#### [SOURCE DATA]
***

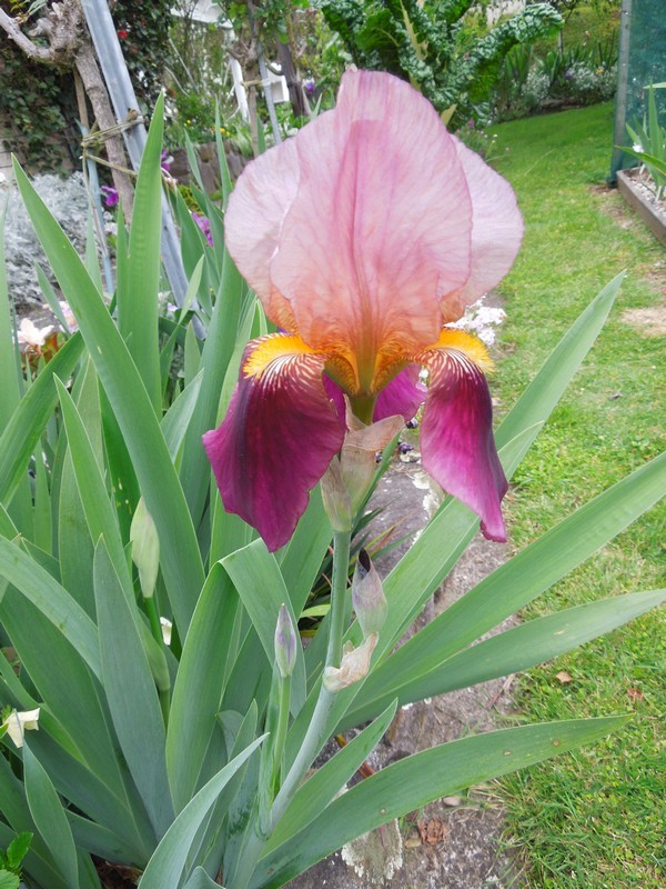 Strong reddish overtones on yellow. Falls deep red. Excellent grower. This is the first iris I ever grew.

***

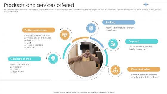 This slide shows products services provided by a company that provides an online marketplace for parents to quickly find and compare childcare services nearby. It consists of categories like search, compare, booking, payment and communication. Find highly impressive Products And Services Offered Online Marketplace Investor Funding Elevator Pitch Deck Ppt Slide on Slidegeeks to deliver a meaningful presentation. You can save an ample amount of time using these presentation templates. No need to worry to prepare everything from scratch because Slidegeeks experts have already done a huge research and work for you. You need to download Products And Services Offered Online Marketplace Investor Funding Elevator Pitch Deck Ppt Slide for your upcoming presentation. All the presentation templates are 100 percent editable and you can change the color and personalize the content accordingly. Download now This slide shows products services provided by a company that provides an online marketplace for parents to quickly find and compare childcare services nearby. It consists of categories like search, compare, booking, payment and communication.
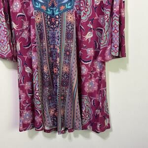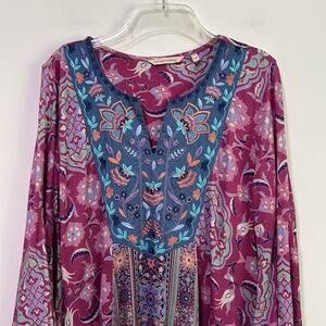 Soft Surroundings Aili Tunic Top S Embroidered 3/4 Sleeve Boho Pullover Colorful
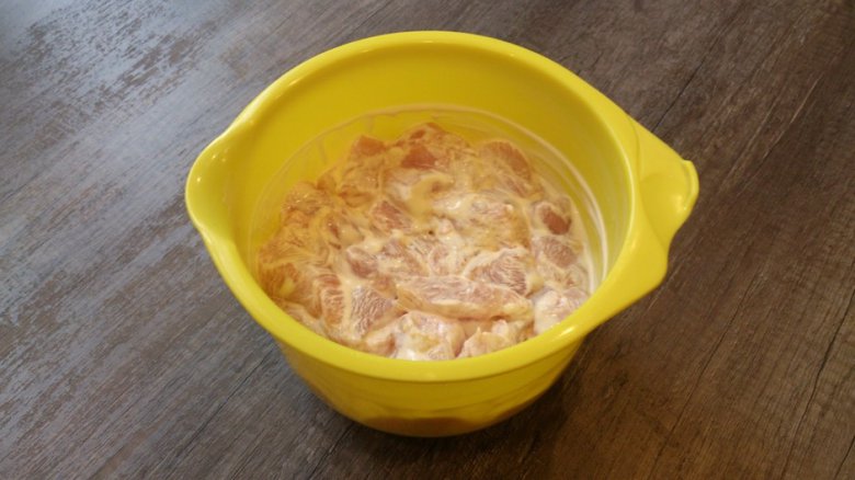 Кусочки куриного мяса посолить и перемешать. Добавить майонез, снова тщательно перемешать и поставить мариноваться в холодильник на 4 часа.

***

Using the data above, which lines fall from the one with "Soft Surroundings Aili" through the one with "Кусочки куриного мяса"? Repeat them exactly, ends included, minus any pictures.

#### [FINAL ANSWER]
 Soft Surroundings Aili Tunic Top S Embroidered 3/4 Sleeve Boho Pullover Colorful
 Кусочки куриного мяса посолить и перемешать. Добавить майонез, снова тщательно перемешать и поставить мариноваться в холодильник на 4 часа.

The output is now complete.